▶ _Work item_
With the images removed, write out every line below exactly.

Recorded information START

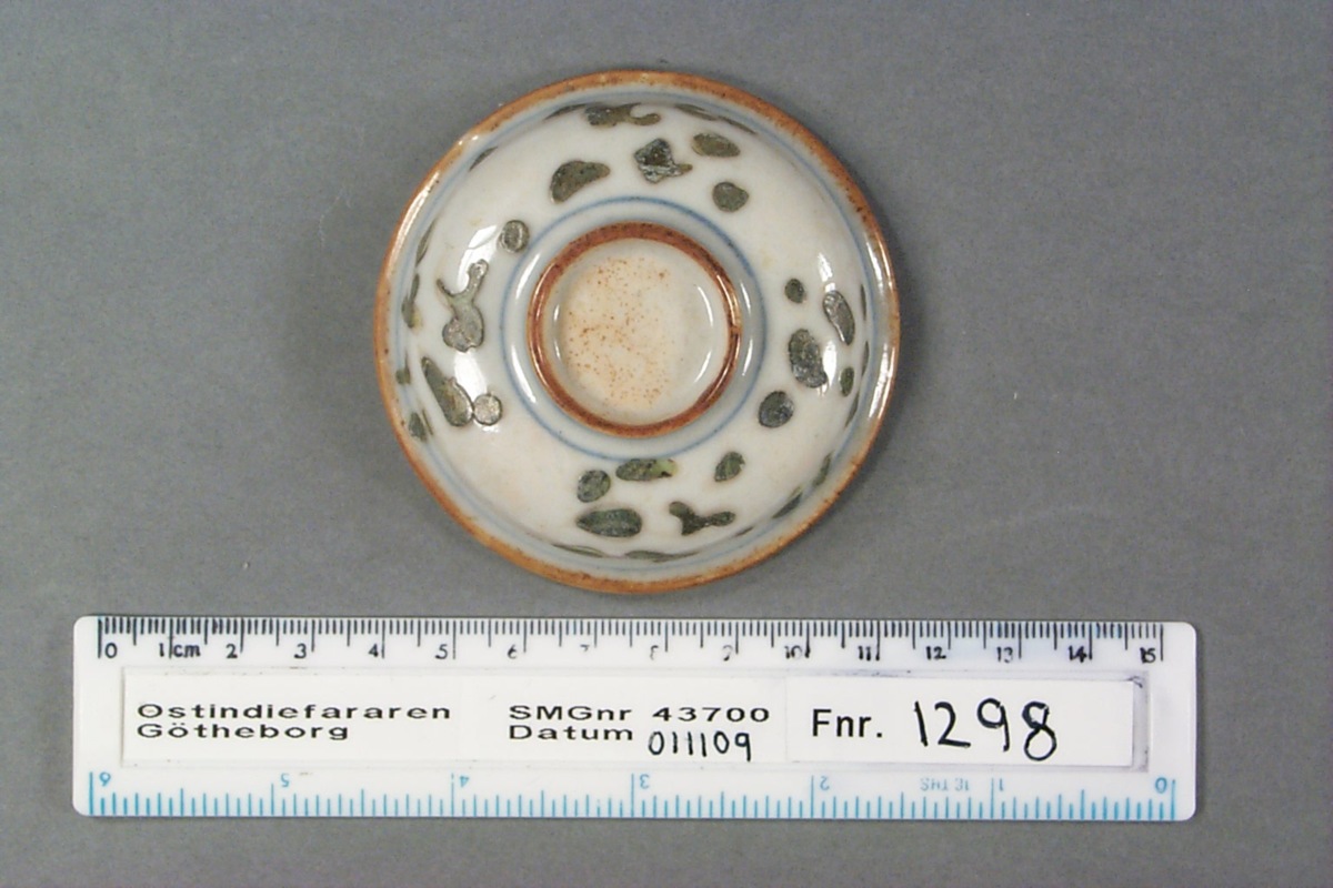 Föremålet är från vraket av ostindiefararen Götheborg, som gjorde tre resor till Kina 1739-45. Vid hemkomsten från den sista resan 12 september 1745 förliste fartyget vid grundet Hunnebådan strax utanför Nya Elfsborgs fästning. Vid flera tillfällen har material tagits upp från vraket. Föremålet kommer från de marinarkeologiska utgrävningarna på platsen 1986-1992.
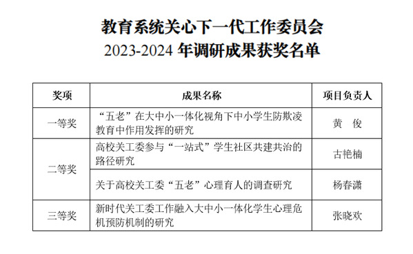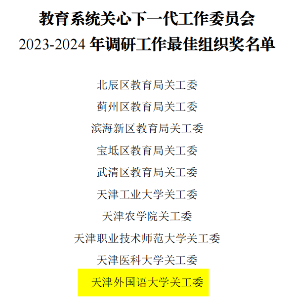 近日,天津市教育系统关工委 2023-2024 年度优秀调研成果评选结果公布,乐玩在线(中国)唯一官方网站调研项目获评一等奖1项、二等奖2项、三等奖1项,天外荣获调研工作最佳组织奖。
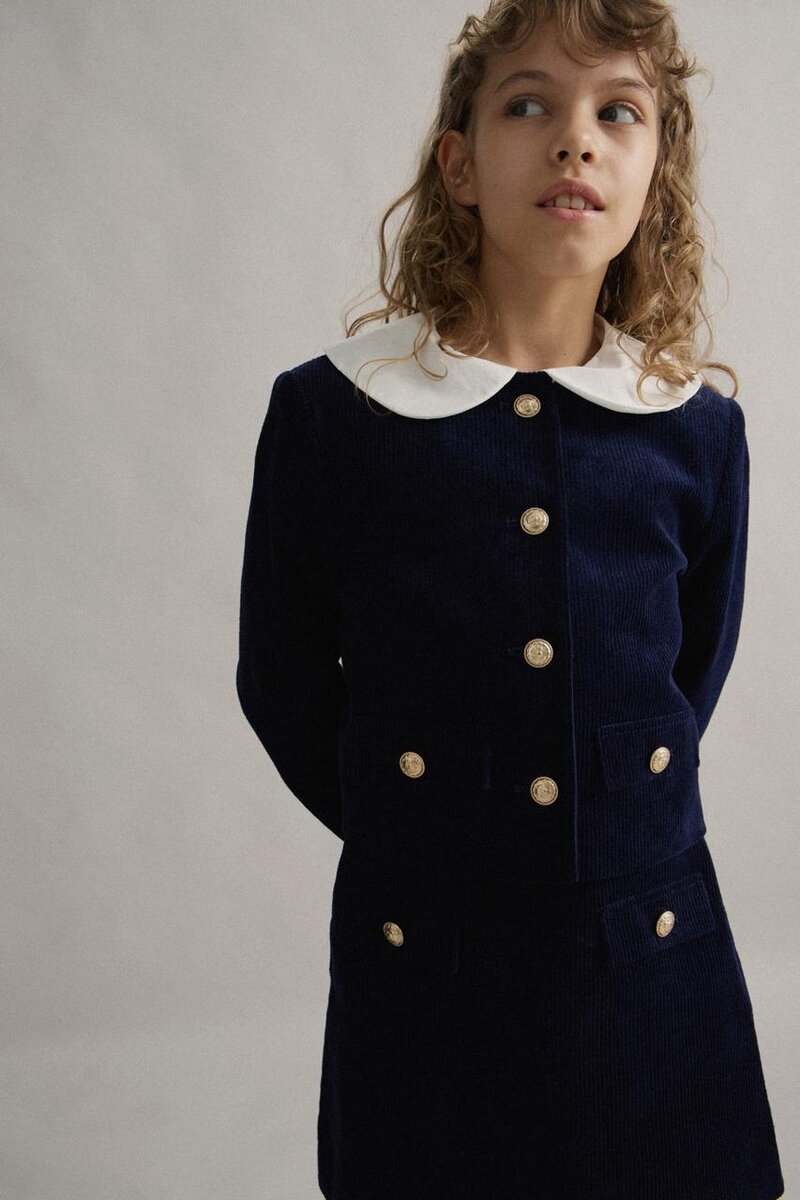 Среди новинок LIMÉ Kids появились жакеты, юбки и куртки из фактурных материалов: твида, бархата и жаккарда

Recorded information END

▶ _Reply to the exercise_
 Föremålet är från vraket av ostindiefararen Götheborg, som gjorde tre resor till Kina 1739-45. Vid hemkomsten från den sista resan 12 september 1745 förliste fartyget vid grundet Hunnebådan strax utanför Nya Elfsborgs fästning. Vid flera tillfällen har material tagits upp från vraket. Föremålet kommer från de marinarkeologiska utgrävningarna på platsen 1986-1992.
 近日,天津市教育系统关工委 2023-2024 年度优秀调研成果评选结果公布,乐玩在线(中国)唯一官方网站调研项目获评一等奖1项、二等奖2项、三等奖1项,天外荣获调研工作最佳组织奖。
 Среди новинок LIMÉ Kids появились жакеты, юбки и куртки из фактурных материалов: твида, бархата и жаккарда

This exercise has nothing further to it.